- Poster
- Directed by: Samy
- Written by: Samy
- Produced by: R. Balaji R. Saravana
- Starring: Srikanth Samvrutha Sunil Sangeetha
- Cinematography: Fowzia Fathima
- Edited by: G. Sasikumar
- Music by: Joshua Sridhar
- Production company: Sri Balaji Cine Creations
- Release date: 30 June 2006;
- Country: India
- Language: Tamil

= Uyir =

Uyir is a 2006 Indian Tamil-language erotic thriller film written and directed by Samy in his directorial debut. The film stars Srikanth, Samruvtha (in her Tamil debut), and Sangeetha. The film revolves around a woman who falls in love with her brother-in-law after the demise of her husband. The music was composed by Joshua Sridhar with cinematography by Fowzia Fathima and editing by G. Sasikumar. The film was released on 30 June 2006.

== Plot ==
Sundar (Srikanth) moves in with his brother's (Asim Sharma) family, consisting of his brother, sister-in-law Arundathi (Sangeetha), and their daughter Aishwarya. Sundar becomes very close to all three of them, but unbeknownst to him, Arundathi is interested in him. Sundar drops his niece off at school every day and meets his girlfriend Anandhi (Samvrutha Sunil) there. His brother is excited to learn about their relationship but soon afterward commits suicide. Arundathi claims that his suicide was caused by problems at work. Sundar feels obligated to take care of his late brother's family, as Arundathi and Aishwarya have nowhere else to go. Arundathi tries her best to end Sundar's relationship with Anandhi while subtly hinting to Sundar about her love for him.
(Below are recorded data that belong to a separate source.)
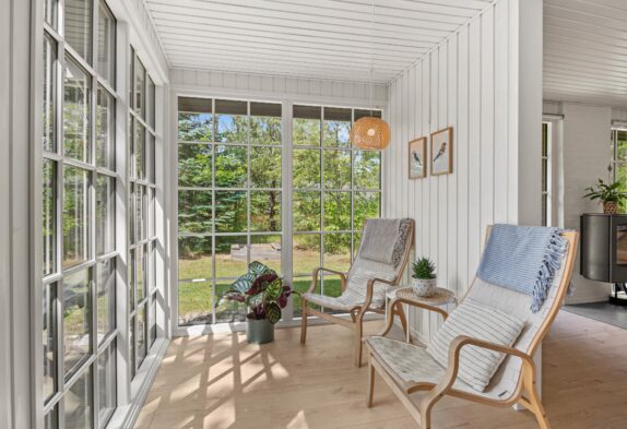 Wer sich einmal zurückziehen mag, um z.B. ein Buch zu lesen, der findet ganz sicher einen Rückzugsort im Wintergarten. Hier könnt ihr es euch in den Korbstühlen zurecht machen und wirklich im Urlaub in Houstrup die Seele baumeln lassen.
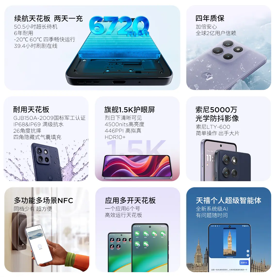 moto g100 Proは、Dimensity 7300や6720mAh大容量バッテリー、120Hz OLEDディスプレイを搭載した防水防塵耐衝撃対応の5Gスマートフォン。光学手ぶれ補正付き50MPカメラやDolby Atmos対応のステレオスピーカーなどを備え、RAMは最大12GB、価格は1399CNY(約2.9万円)から。中国市場で2025年7月発売。
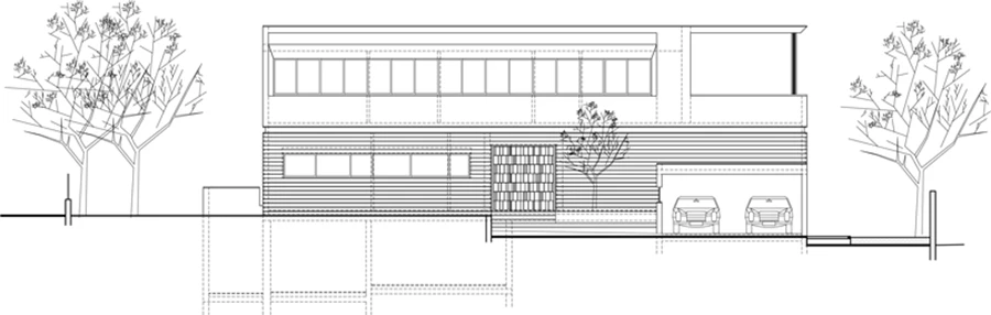 כלפי הרחוב השקט מציג הבית חזית אופקית ומאופקת הנחלקת לשתי מסות: התחתונה מחופה רצועות אופקיות של אבן צחורה והעליונה בחיפוי טיח לבן. בין השתיים מפרידה קורת פלדה לבנה, אשר בחזית האחורית משתחררת/מתנתקת מהמסה הבנויה והופכת לפרגולה גדולה. חלונות הקומה העליונה מתוכננים ברצף הנקרא כפתח אחד גדול הממוסגר אלומיניום שחור, ופרגולה בנויה מטויחת לבן הנתמכת על זוג עמודים עגולים, מסיימת את הרצף לכוון הבית השכן.
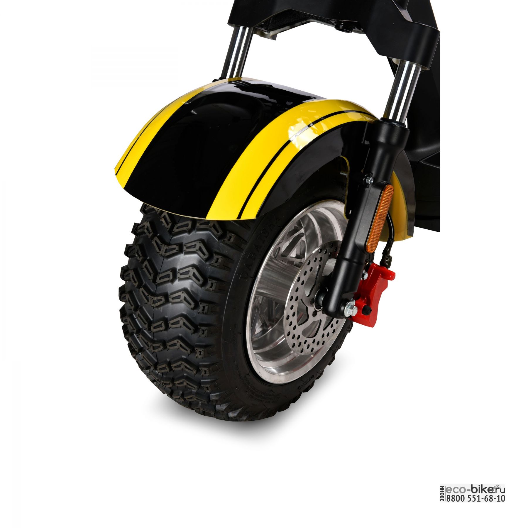• шоссейная резина на 10-дюймовых колесах с низким профилем позволяет круглогодично использовать скутер и без проблем передвигаться по бездорожью и пересеченной местности;
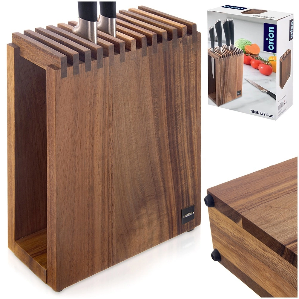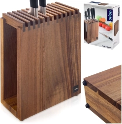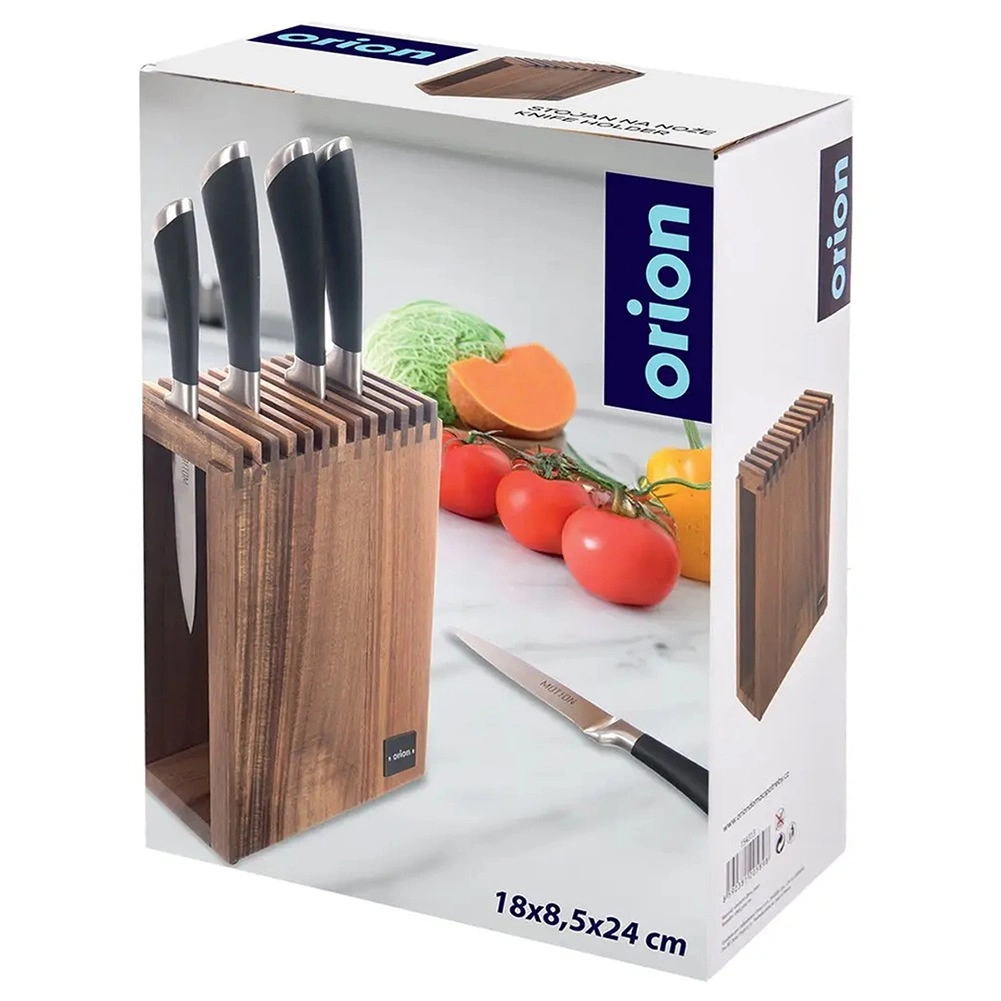 Šis premium klases statīvs no riekstkoka apvieno funkcionalitāti un estētiku. Tas kārtīgi sakārto jūsu virtuves nažus, aizsargā to asmeņus un vienlaikus nodrošina ērtu piekļuvi. Dabiskā riekstkoka brūnā nokrāsa piešķir virtuvei siltu, elegantu akcentu.

Anandhi tries to warn Sundar about his conniving sister-in-law, but Arundathi succeeds in her plan. Whether Sundar gets together with Anandhi or not constitutes the rest of the plot.

== Cast ==
- Srikanth as Sundar
- Samruvtha as Anandhi
- Sangeetha as Arundathi
The uncredited cast includes Asim Sharma as Sundar's brother and Balaji as Sundar's friend.

==Production==
The film marked the directorial debut of Samy who earlier assisted S. A. Chandrasekhar and Cheran.

== Soundtrack ==
Soundtrack was composed by Joshua Sridhar.

1. "Convent Sollitharum" - Tippu, Natash, Dhanni
2. "Udhadum Udhadum" - Karthik, Chandni
3. "Aarum Ponnum" - Joshua Sridhar, Mahathi, Shalini
4. "Kann Simittum Nerame" - Haricharan, Shalini, Mahathi
5. "Uyir Theme Music"
6. "Kanne Kadhal Nilame" - Pradeep, Harini

==Reception==
The Hindu wrote "After a point the end is guessable, yet the treatment is a reiteration of Sami's astuteness. Story, screenplay, dialogue writer and director Sami, you hear, has worked with the likes of Parthiban and Cheran. The positive influence shows". Rediff called it "a lifeless film". Malini Mannath of Chennai Online wrote "What is worth appreciating about 'Uyir' is the director's sincere attempt to offer the viewer a fare different from the routine ones, not taking recourse to overt glamour or vulgarity though there was enough room for the script to be manipulated, and yet give a film that is fairly engaging". Cinesouth wrote "Director Samy can be lauded for accelerating the speed of the film with a very few characters".